The Vikings were not just a rag-tag bunch of pillaging pirates though. As an early society, they had some pretty advanced aspects to their society.
A good example of this can be seen in the fairness of their society but was also a military powerhouse that had some pretty innovative military strategies. The ‘Boar Formation’ was a spear-like formation that the Vikings used in battle. Because no one had ever seen an attack like this before, they were almost always surprised, leading to a victory for the Vikings.
Catch The Winds
The Vikings were so good at sailing that they had mapped out many routes long before more popular sailing societies like Portugal, Spain, or Britain did.
They not only traveled around most of Europe in their longboats but often found themselves in places that were incredibly far for such an ancient society. Recent discoveries reveal that the Vikings often went as far as modern-day Canada, North Africa, and even found themselves in Asia regularly. They were indeed fearless pioneers!
A Ship To The Other Side
Boats had become a core feature of Viking society. They were generally feared for their impressive tactics on the water. Using boats was essential to their thriving as an ancient European society.
But boats were not merely used as a mode of transport – they were also seen as spiritual devices that could transport the dead across the waters to ‘Valhalla’ – the resting place of the dead.
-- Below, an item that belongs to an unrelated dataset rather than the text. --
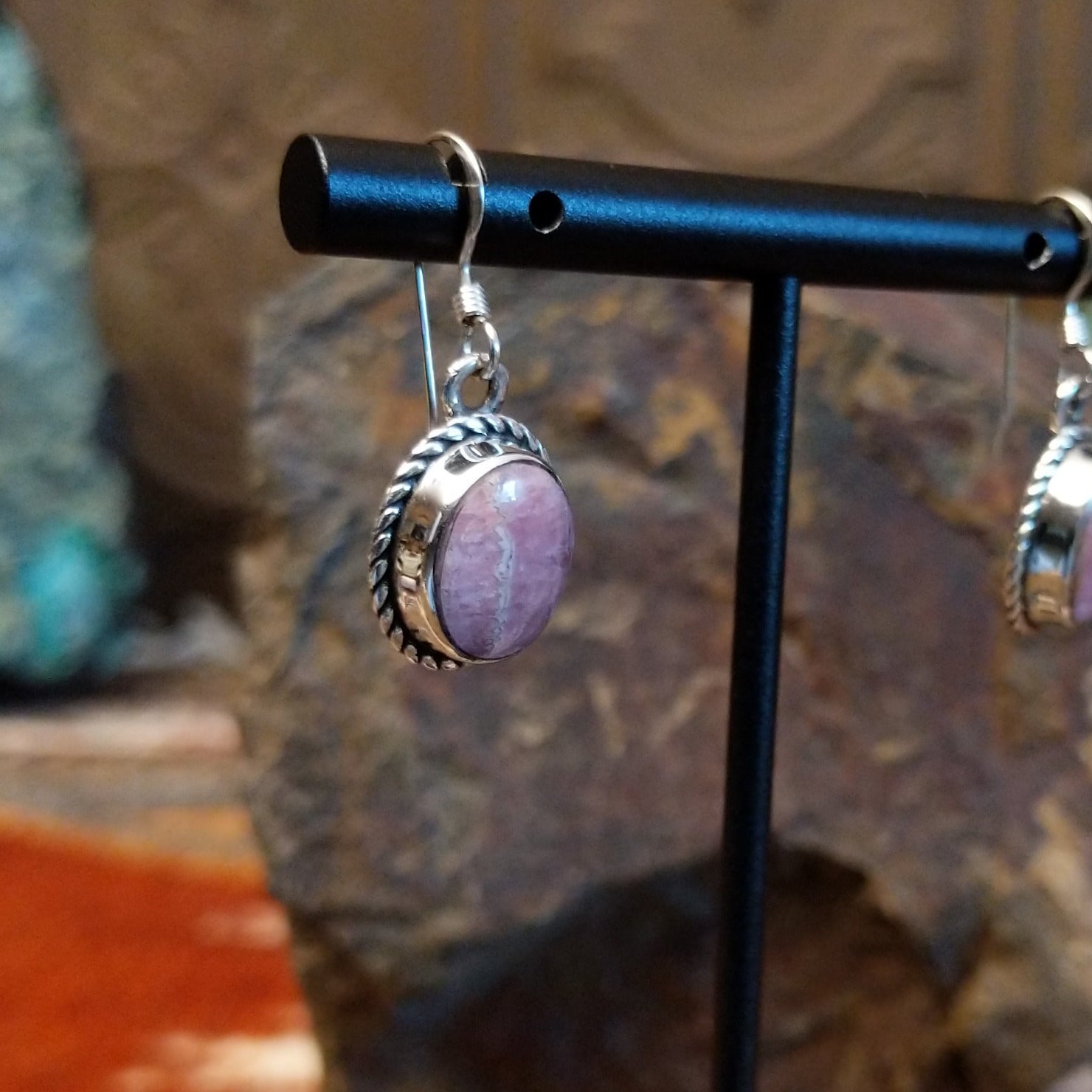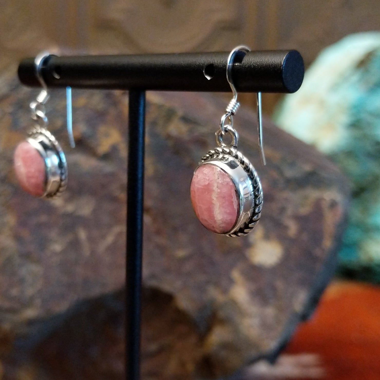 These traditional Navajo made oval rhodochrosite earrings will be the perfect accent to any outfit. The stones in these earrings are a wonderful example of the many striations that rhodochrosite has. A rope twist bezel gives these earrings a step up in class!

The dead were buried in boats marked by stones, guiding their passage to Valhalla.
An Ancient Burial
The Vikings believed that after death, a warrior’s soul would be carried over the ocean to the land of Valhalla. Valhalla was thought to be the place where the Gods resided and where the dead would eventually come to rest.
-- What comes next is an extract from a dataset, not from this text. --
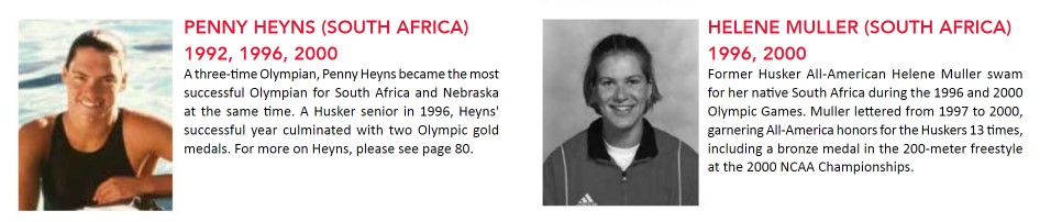 At Nebraska she lettered from 1997 to 2000, garnering All-America honors for the Huskers 15 times, including a bronze medal in the 200-meter freestyle at the 2000 NCAA Championships.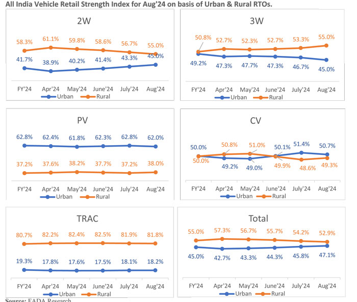 All India Vehicle Retail Strength Index for Aug’24 on basis of Urban & Rural RTOs.

It was paradise, and after death, they would all be reunited there. Because of this, ceremonial burials were a big part of Viking culture. When a King or nobleman died, his servants would be sacrificed with him and riches would be buried as well. Knowing this information helped archaeologists realize exactly what they had stumbled across…
Viking Burial Ship
It turns out that the discovery they had made was an ancient Viking burial ship that was used to bury what we now believe to be either a king or a nobleman. Researchers managed to deduce this based on the size and location of the ancient vessel.
Men from lower classes were usually buried in smaller boats, but when a nobleman or King died, they were generally buried in their own longboat, complete with riches and servants for the afterlife!
A Massive Discovery
What had started off as a simple experiment had turned into one of the largest finds in recent history!
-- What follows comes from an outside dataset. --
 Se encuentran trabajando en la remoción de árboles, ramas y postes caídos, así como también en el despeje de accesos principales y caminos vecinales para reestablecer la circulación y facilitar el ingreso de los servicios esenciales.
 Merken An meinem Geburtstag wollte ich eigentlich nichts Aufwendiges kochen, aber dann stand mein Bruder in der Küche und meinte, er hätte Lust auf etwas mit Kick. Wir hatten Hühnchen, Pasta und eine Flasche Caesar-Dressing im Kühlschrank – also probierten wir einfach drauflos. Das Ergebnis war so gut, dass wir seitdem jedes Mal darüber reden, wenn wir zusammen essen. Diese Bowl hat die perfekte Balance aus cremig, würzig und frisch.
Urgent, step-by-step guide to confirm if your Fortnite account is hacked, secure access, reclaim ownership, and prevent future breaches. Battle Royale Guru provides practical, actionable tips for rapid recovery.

The researchers though, realized that the discovery was still laden with issues, as actually extracting the deeply buried boat would prove to be a difficult challenge and has yet to be conducted. But the discovery proves that the Vikings also set up large villages much further inland than was previously understood about them. A discovery of this size is truly a notable moment in history!
Reunited With Thor
The discovery of the ancient burial ship has been cited as one of the most impressive finds for NIKU in recent years. Many had believed that all of these burial ships had all already been discovered or that most were lost to the ages.
However, the discovery has encouraged researchers to widen their search and increase the process, with the hopes of making more amazing discoveries. At least now we know that this ancient king or nobleman was reunited with Thor in Valhalla!